Fix issues with the scheduler that were causing unnecessary reschedules
between tightly coupled processes as well as inefficient reschedules under
heavy loads.
The basic problem is that a process entering the kernel is 'passively
released', meaning its thread priority is left at TDPRI_USER_NORM. The
thread priority is only raised to TDPRI_KERN_USER if the thread switches
out. This has the side effect of forcing a LWKT reschedule when any other
user process woke up from a blocked condition in the kernel, regardless of
its user priority, because it's LWKT thread was at the higher
TDPRI_KERN_USER priority. This resulted in some significant switching
cavitation under load.
There is a twist here because we do not want to starve threads running in
the kernel acting on behalf of a very low priority user process, because
doing so can deadlock the namecache or other kernel elements that sleep with
lockmgr locks held.

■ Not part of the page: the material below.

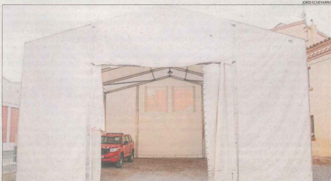
Carpa per als vehicles dels Bombers de Seròs, que van deixar el parc per risc d'ensorrament.

■ L'exdirectora de la residència de Tremp va declinar ahir valorar l'acusació de la Fiscalia a preguntes d'aquest diari. Per la seua part, la Fundació Fiella va emetre un comunicat en el qual va assegurar que ha col·laborat i col·laborarà perquè s'aclareixin els fets que han motivat l'acusació. "Creiem en la innocència de les persones que han treballat pel bé dels ancians de la residència", va afegir la Fundació, que va assenyalar que confia "plenament en la Justícia i caldrà esperar els resultats de la seua actuació". El desembre de l'any passat el departament de Drets Socials va informar de la inhabilitació de la Fundació Fiella de Tremp per gestionar la residència d'ancians per un període de quatre anys. La residència va ser intervinguda pel Govern el novembre del 2020. Actualment, la gestió està en mans de Sant Joan de Déu. Inspecció de Treball va multar la fundació amb 30.000 euros per irregularitats laborals.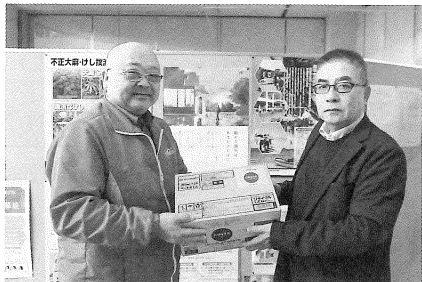
北海道コカ・コーラ ボトリング様

In addition, the 'other' LWKT thread might be associated
with a much higher priority user process that we *DO* in fact want to give
cpu to.
The solution is elegant. First, do not force a LWKT reschedule for the
above case. Second, force a LWKT reschedule on every hard clock. Remove
all the old hacks. That's it!
The result is that the current thread is allowed to return to user
mode and run until the next hard clock even if other LWKT threads (running
on behalf of a user process) are runnable. Pure kernel LWKT threads still
get absolute priority, of course. When the hard clock occurs the other LWKT
threads get the cpu and at the end of that whole mess most of those
LWKT threads will be trying to return to user mode and the user scheduler
will be able to select the best one. Doing this on a hardclock boundary
prevents cavitation from occuring at the syscall enter and return boundary.
With this change the TDF_NORESCHED and PNORESCHED flags and their associated
code hacks have also been removed, along with lwkt_checkpri_self() which
is no longer needed.